Den Autor*innen ist es wichtig, die gesamte Realität abzubilden. Beziehungen innerhalb der LGBTQ+-Community, People of Colour oder Menschen mit Behinderung – all das gehört zum Leben allgemein und auch zum Uni-Leben dazu und spielt deswegen auch eine große Rolle in New-Adult-Romanen.
Wie kommst du als Lektorin an Stoffe und Autorinnen für dieses Genre? Gibt es da einschlägige Agenturen oder sprecht ihr gezielt Autorinnen an, deren Aktivitäten ihr auf Social-Media-Kanälen wie Instagram verfolgt?
Als das Genre New Adult vor einigen Jahren relevanter wurde, haben die Lektorate die Potenziale dieser Stoffe identifiziert und im Gespräch mit Literaturagent*innen vermehrt danach gefragt. Inzwischen haben sehr viele Agenturen mit unterhaltenden Portfolios New-Adult-Autor*innen unter Vertrag – viele davon mit entsprechender Social-Media-Reichweite. Das Angebot an Manuskripten ist nach wie vor groß. Und natürlich halten wir auch selbst die Augen auf, was auf Social Media in dieser Richtung passiert.
Wie geht der stationäre Buchhandel in seinem Angebot auf diesen Bereich ein? Hat sich New Adult auch dort etabliert?
Mittlerweile haben sowohl die Filialisten als auch kleine und mittlere Buchhandlungen das verkäuferische Potenzial dieses Genres erkannt und Regale, Tische oder manchmal sogar ganze Abteilungen eingerichtet, die sich dem Thema New Adult widmen.
Und über die Lautsprecher laufen dann die Songs der Playlists, die man in den Buchklappen findet?
Warum nicht? Schließlich geht es um Emotionen und das Lebensgefühl einer Generation, die sich auch in der Musik zum Beispiel einer Billie Eilish oder anderen wiederfindet.
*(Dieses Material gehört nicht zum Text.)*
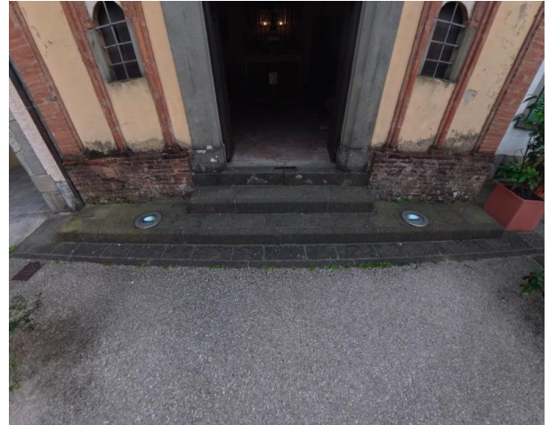
26 Ingresso oratorio San Antonio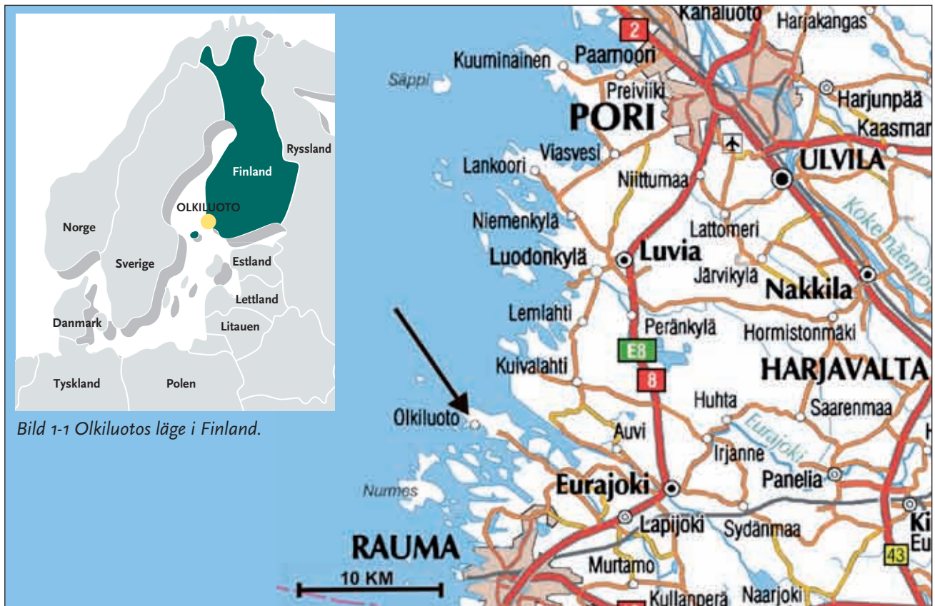
Bild 1-1 Olkiluotos läge i Finland.

Solche Soundtracks zum Buch sind übrigens keine Erfindung des New-Adult-Genres – man denke nur an Nick Hornbys Roman »High Fidelity«. Nur funktionieren sie heutzutage viel besser, weil man sie einfach über sein Mobilgerät streamen kann.
Bei Horaz heißt es, dass die Literatur entweder nützlich oder unterhaltsam oder auch beides sein kann. New Adult ist eher Unterhaltung, oder?
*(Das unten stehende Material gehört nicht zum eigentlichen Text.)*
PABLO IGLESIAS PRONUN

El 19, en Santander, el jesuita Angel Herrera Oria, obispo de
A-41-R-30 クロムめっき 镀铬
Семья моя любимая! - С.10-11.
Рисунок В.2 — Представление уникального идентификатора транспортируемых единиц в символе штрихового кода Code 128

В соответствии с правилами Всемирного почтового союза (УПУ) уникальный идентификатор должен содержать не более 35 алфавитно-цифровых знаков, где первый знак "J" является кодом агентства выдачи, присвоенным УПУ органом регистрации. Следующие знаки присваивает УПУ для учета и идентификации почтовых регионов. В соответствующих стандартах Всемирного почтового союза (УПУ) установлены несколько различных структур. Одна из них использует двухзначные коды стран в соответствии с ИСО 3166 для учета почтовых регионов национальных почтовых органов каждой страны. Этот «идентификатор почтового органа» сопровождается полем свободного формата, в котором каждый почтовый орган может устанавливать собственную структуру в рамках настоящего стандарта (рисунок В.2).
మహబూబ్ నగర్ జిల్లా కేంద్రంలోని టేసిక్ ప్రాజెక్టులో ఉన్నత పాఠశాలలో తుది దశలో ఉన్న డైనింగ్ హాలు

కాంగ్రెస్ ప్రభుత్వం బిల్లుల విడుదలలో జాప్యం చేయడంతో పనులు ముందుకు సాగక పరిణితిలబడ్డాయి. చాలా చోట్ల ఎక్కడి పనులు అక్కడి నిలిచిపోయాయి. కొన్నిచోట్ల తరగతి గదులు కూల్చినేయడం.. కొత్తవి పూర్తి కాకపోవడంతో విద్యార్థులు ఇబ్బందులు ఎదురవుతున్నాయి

Das New-Adult-Genre erhebt nicht den Anspruch, hohe Literatur sein zu wollen. Für seine Leserschaft leistet es aber einen wichtigen Dienst auf inhaltlicher Ebene: In den Büchern spielen Aspekte eine Rolle, über die in der Gesellschaft häufig noch zu wenig gesprochen wird und vor denen man auch im klassischen Liebesroman lange Zeit zurückgeschreckt ist. Eine große Qualität der Autor*innen besteht darin, dass sie sich nicht scheuen, Tabus zu brechen und offen über Themen wie sexuelle Gewalt, Krankheiten, mentale Gesundheit, Essstörungen oder Suizidgedanken zu schreiben. Verpackt in Liebesgeschichten erleben die Leser*innen die volle Bandbreite an Hochs und Tiefs, an Emotionen und Zweifeln und Ängsten. Deshalb werden auch häufig sogenannte »Triggerwarnungen« vorangestellt und im Nachwort durch Hotlines für Betroffene ergänzt. Insofern sehe ich neben der Unterhaltung, um die es primär natürlich geht, auch einen wichtigen Nutzen für die Leser*innen.